**Your assignment**
Once the line holding "2,922,000원 | 592,622,000원 |" is found, output it and all remaining lines of the data exactly, with every picture left out.

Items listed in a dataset

******

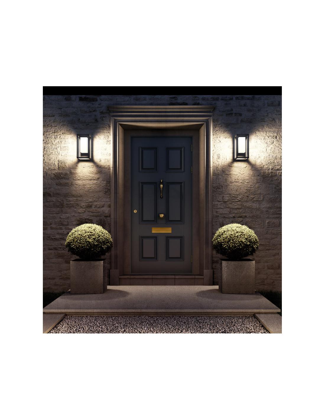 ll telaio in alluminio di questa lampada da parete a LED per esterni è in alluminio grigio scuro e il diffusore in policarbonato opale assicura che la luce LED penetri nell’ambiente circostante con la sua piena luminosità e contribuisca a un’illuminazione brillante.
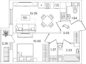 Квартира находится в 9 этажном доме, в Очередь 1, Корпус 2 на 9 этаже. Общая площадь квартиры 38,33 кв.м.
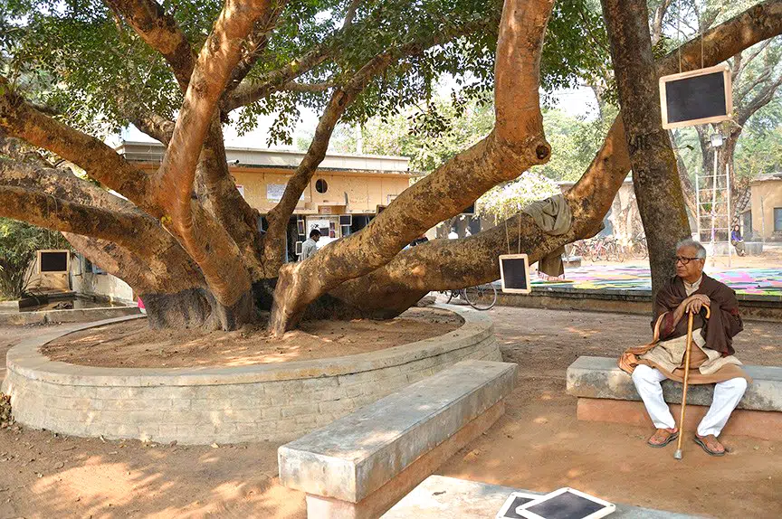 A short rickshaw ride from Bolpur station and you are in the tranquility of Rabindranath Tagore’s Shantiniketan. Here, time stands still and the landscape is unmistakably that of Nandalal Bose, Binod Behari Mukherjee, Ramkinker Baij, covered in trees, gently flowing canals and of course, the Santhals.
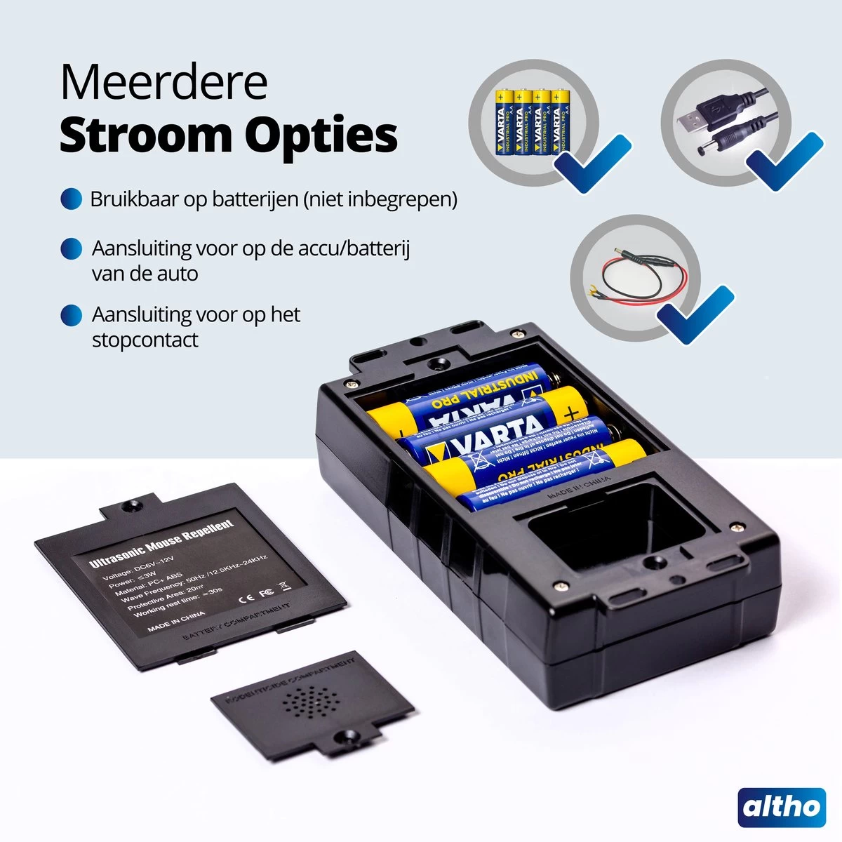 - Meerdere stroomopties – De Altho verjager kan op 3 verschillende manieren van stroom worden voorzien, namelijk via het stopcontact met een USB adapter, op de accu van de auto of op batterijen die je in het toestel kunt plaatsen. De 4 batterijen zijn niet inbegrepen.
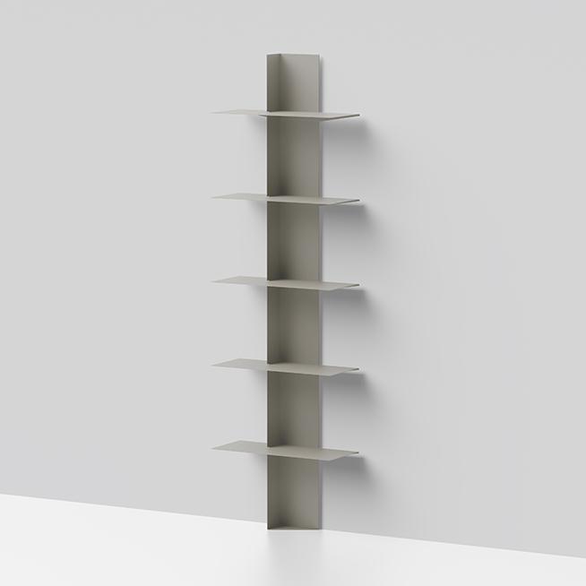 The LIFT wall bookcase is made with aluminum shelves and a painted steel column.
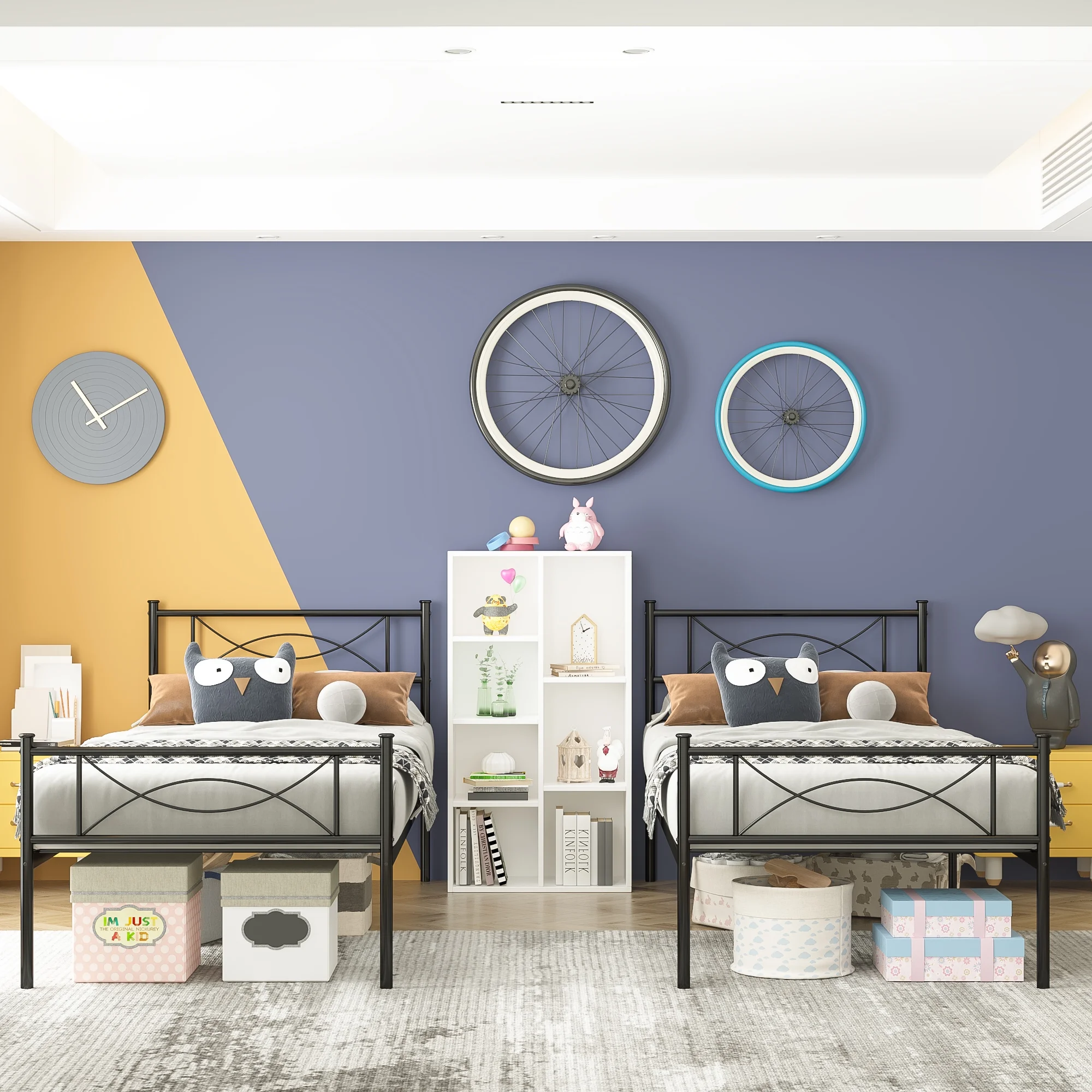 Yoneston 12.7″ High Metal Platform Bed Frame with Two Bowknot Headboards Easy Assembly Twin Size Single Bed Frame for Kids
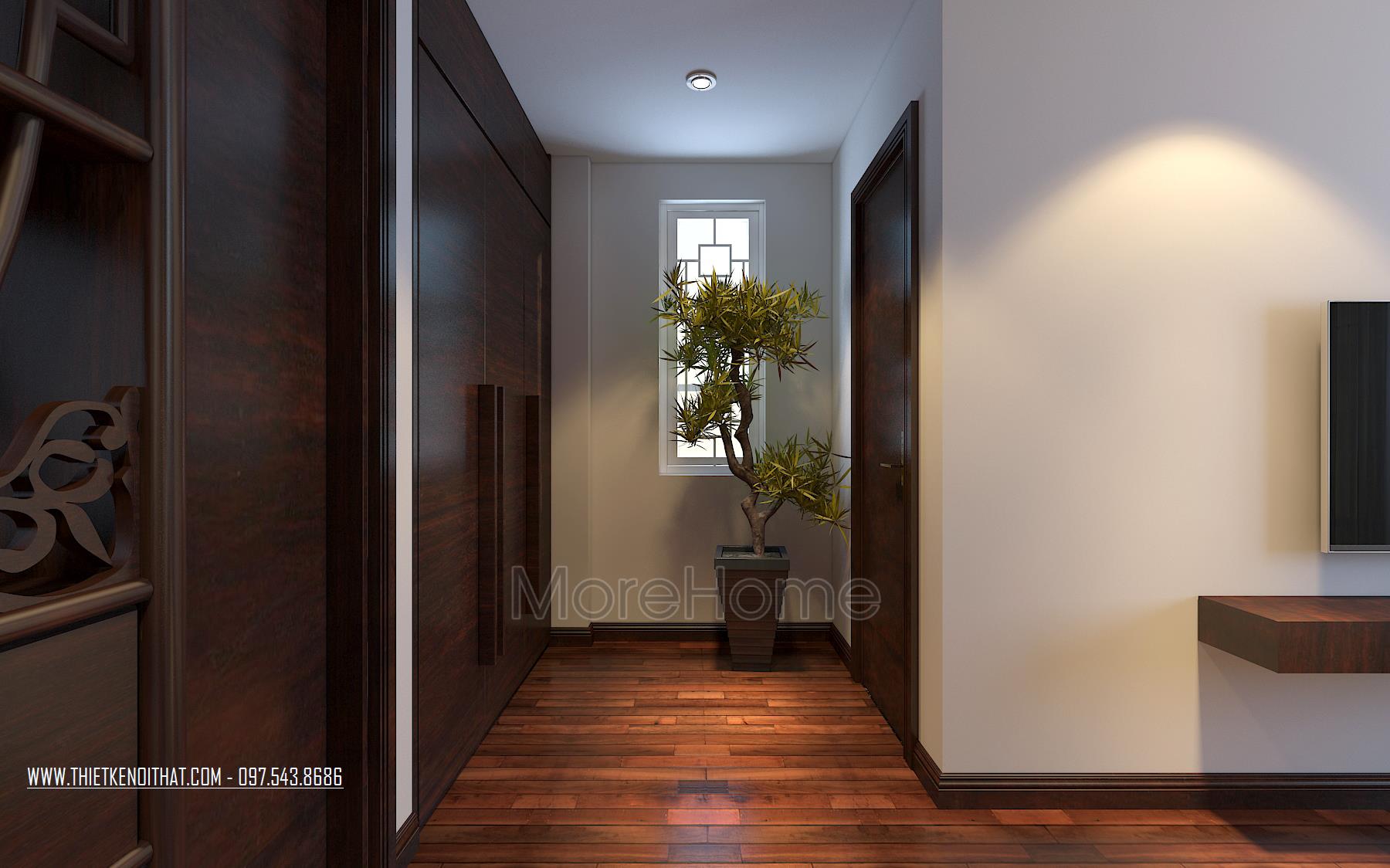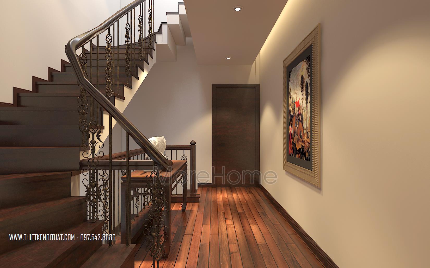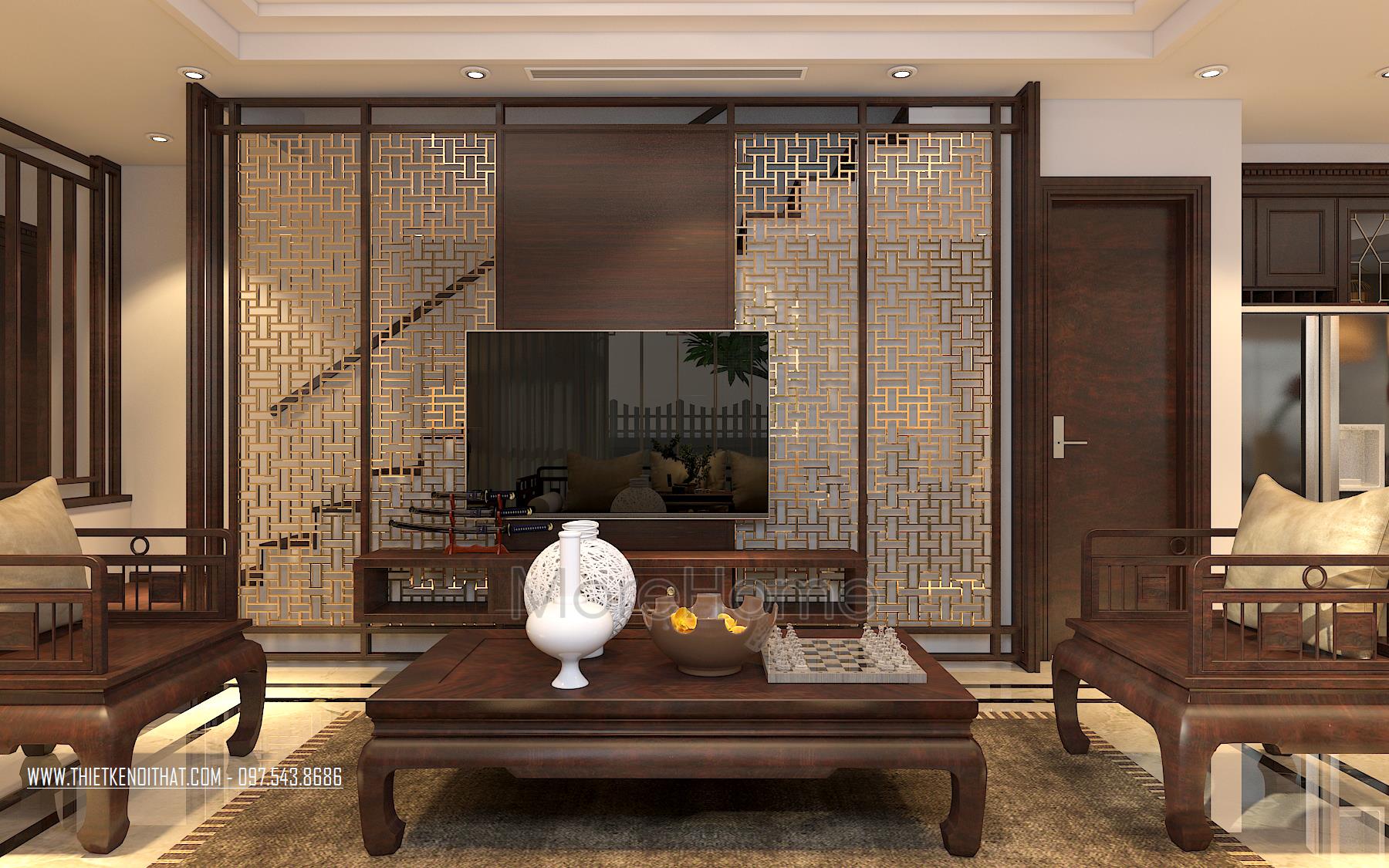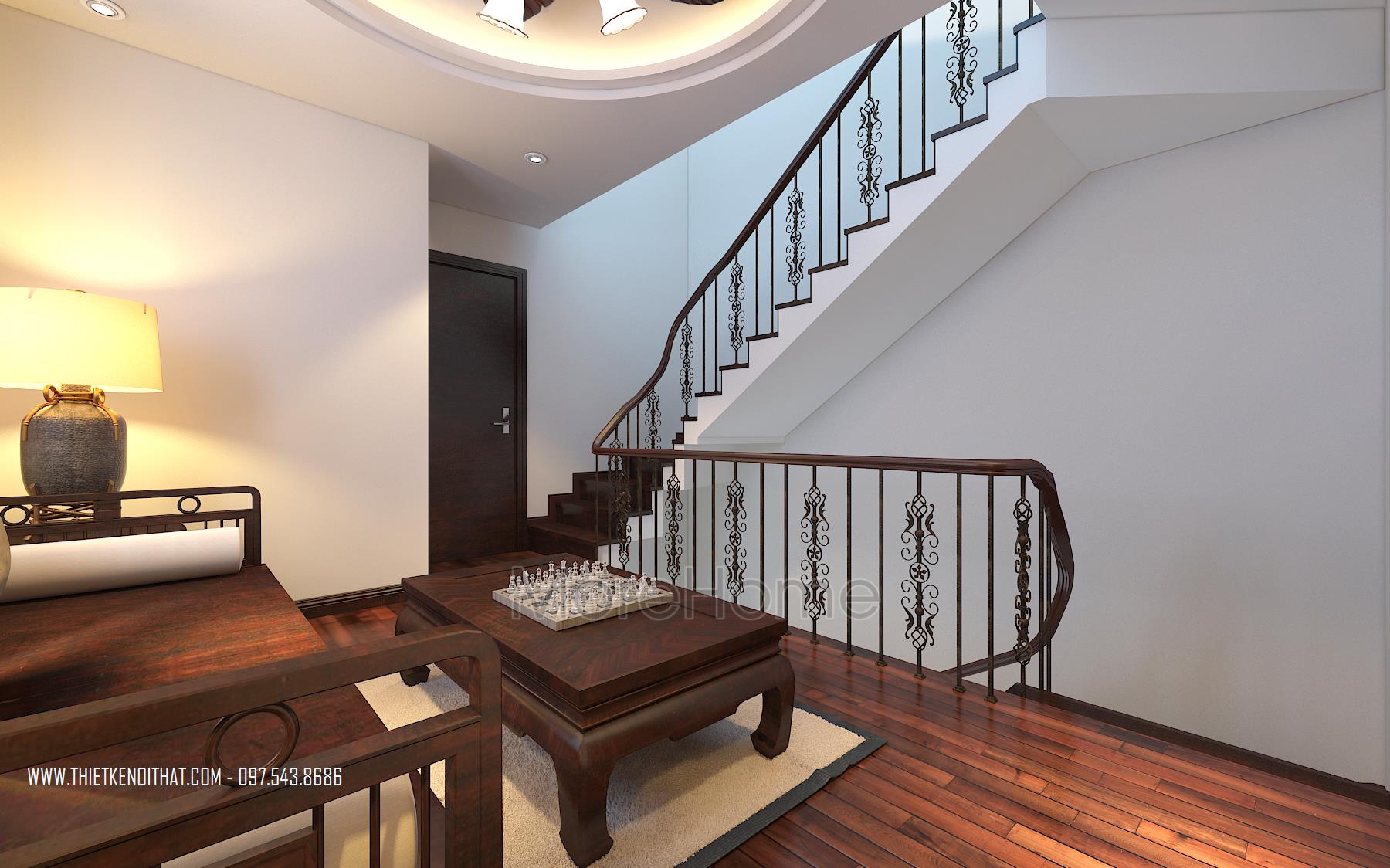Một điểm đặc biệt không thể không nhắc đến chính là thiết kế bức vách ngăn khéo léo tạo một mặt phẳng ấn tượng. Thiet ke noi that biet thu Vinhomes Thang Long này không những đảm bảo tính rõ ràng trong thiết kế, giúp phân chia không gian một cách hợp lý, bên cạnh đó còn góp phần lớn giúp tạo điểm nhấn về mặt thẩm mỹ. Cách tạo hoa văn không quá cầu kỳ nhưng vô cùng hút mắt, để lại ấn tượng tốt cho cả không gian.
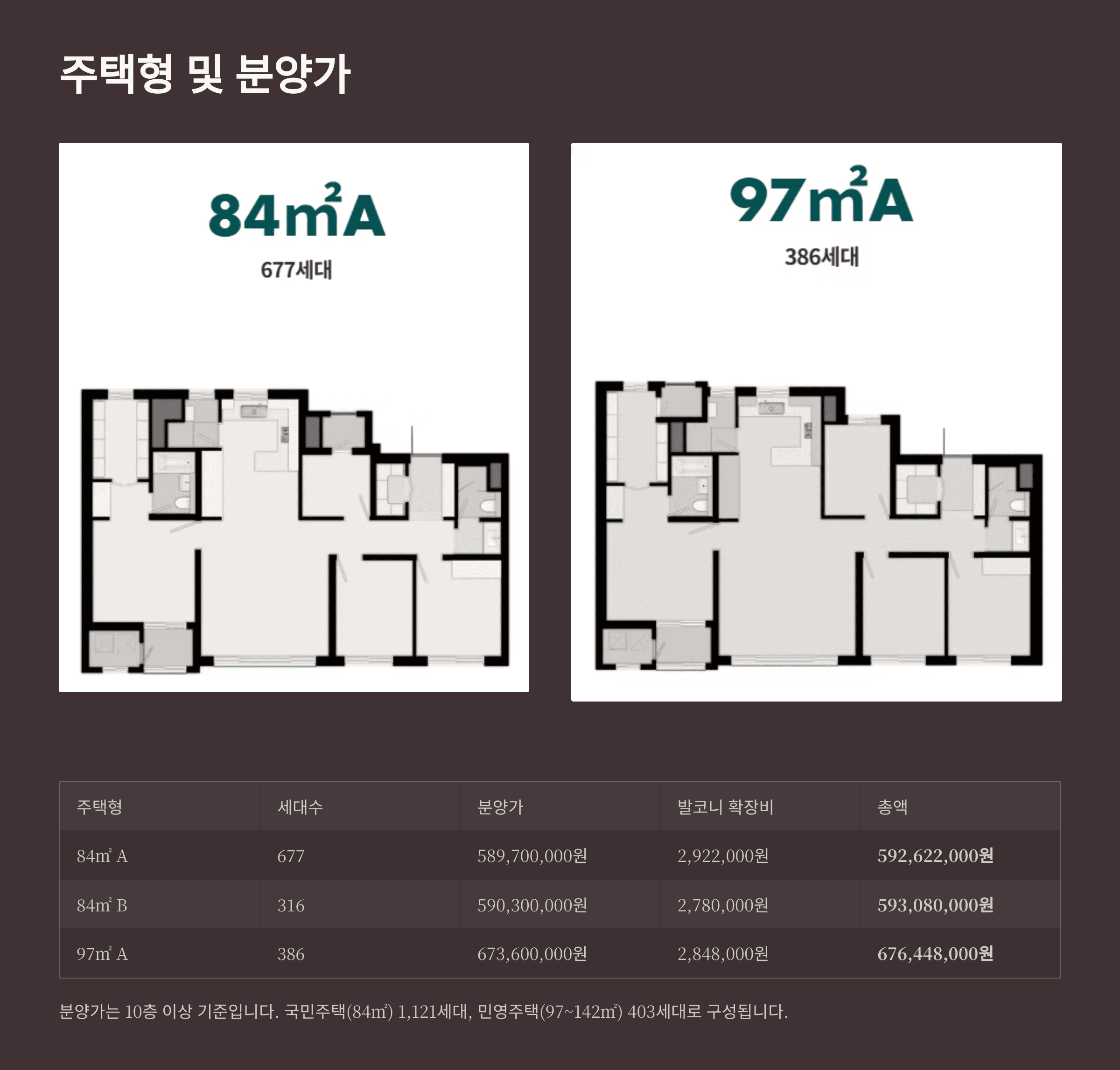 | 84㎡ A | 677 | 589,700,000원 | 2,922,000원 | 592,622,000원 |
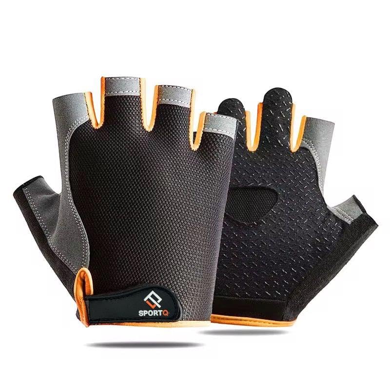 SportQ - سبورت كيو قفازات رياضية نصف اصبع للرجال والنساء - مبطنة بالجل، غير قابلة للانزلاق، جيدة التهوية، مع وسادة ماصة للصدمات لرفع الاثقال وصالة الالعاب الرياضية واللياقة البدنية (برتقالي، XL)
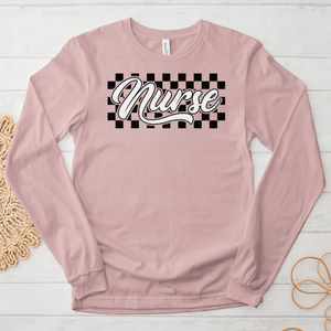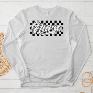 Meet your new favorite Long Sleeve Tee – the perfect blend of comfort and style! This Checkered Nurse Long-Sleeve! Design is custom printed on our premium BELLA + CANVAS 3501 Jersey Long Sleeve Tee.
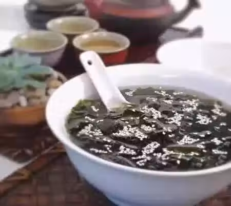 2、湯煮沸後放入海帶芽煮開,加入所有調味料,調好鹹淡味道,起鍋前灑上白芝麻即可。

******

**Solution to the problem**
 | 84㎡ A | 677 | 589,700,000원 | 2,922,000원 | 592,622,000원 |
 SportQ - سبورت كيو قفازات رياضية نصف اصبع للرجال والنساء - مبطنة بالجل، غير قابلة للانزلاق، جيدة التهوية، مع وسادة ماصة للصدمات لرفع الاثقال وصالة الالعاب الرياضية واللياقة البدنية (برتقالي، XL)
 Meet your new favorite Long Sleeve Tee – the perfect blend of comfort and style! This Checkered Nurse Long-Sleeve! Design is custom printed on our premium BELLA + CANVAS 3501 Jersey Long Sleeve Tee.
 2、湯煮沸後放入海帶芽煮開,加入所有調味料,調好鹹淡味道,起鍋前灑上白芝麻即可。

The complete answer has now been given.